◆ What to work on
Your answer should be the lines from the one with "4.asks. 5.had written." to the end of the data below, both included, exact and free of pictures.

◆ The records
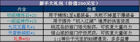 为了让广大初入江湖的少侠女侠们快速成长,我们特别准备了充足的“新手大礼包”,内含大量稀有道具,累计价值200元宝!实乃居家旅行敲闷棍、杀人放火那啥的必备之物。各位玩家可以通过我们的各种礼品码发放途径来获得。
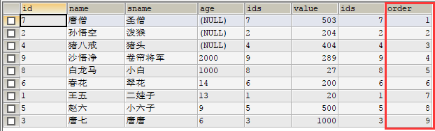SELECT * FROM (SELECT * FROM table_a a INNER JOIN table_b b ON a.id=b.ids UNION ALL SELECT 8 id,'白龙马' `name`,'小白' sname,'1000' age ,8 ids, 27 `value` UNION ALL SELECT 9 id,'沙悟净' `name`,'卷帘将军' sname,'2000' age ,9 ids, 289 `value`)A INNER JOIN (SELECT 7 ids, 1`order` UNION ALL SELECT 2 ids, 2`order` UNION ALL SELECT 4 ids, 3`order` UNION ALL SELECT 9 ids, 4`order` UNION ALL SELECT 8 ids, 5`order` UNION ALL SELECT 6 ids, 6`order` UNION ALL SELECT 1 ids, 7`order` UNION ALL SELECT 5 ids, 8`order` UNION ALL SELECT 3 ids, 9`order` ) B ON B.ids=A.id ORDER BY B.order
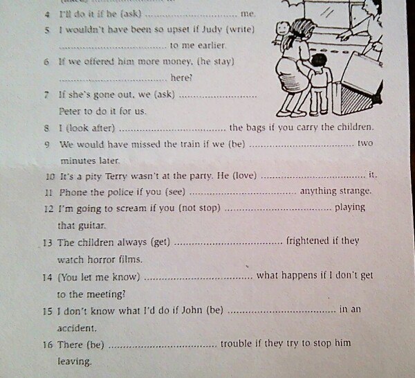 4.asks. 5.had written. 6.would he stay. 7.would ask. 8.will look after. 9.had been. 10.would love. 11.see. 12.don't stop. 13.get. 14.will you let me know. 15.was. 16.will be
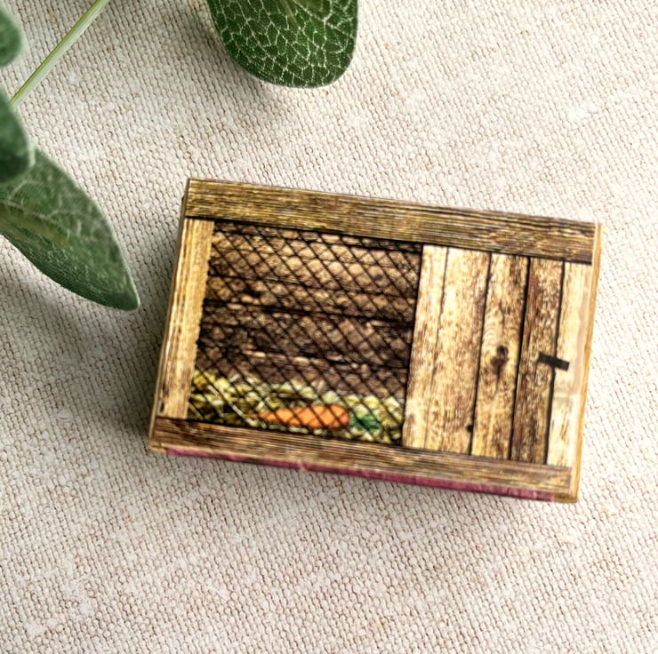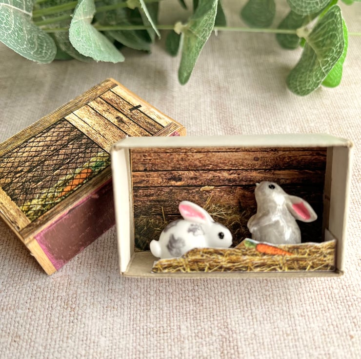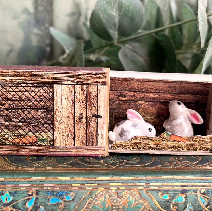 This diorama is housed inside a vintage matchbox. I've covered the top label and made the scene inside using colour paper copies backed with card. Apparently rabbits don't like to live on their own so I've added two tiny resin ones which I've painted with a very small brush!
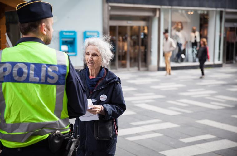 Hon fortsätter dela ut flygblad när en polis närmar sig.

◆ Solved problem
 4.asks. 5.had written. 6.would he stay. 7.would ask. 8.will look after. 9.had been. 10.would love. 11.see. 12.don't stop. 13.get. 14.will you let me know. 15.was. 16.will be
 This diorama is housed inside a vintage matchbox. I've covered the top label and made the scene inside using colour paper copies backed with card. Apparently rabbits don't like to live on their own so I've added two tiny resin ones which I've painted with a very small brush!
 Hon fortsätter dela ut flygblad när en polis närmar sig.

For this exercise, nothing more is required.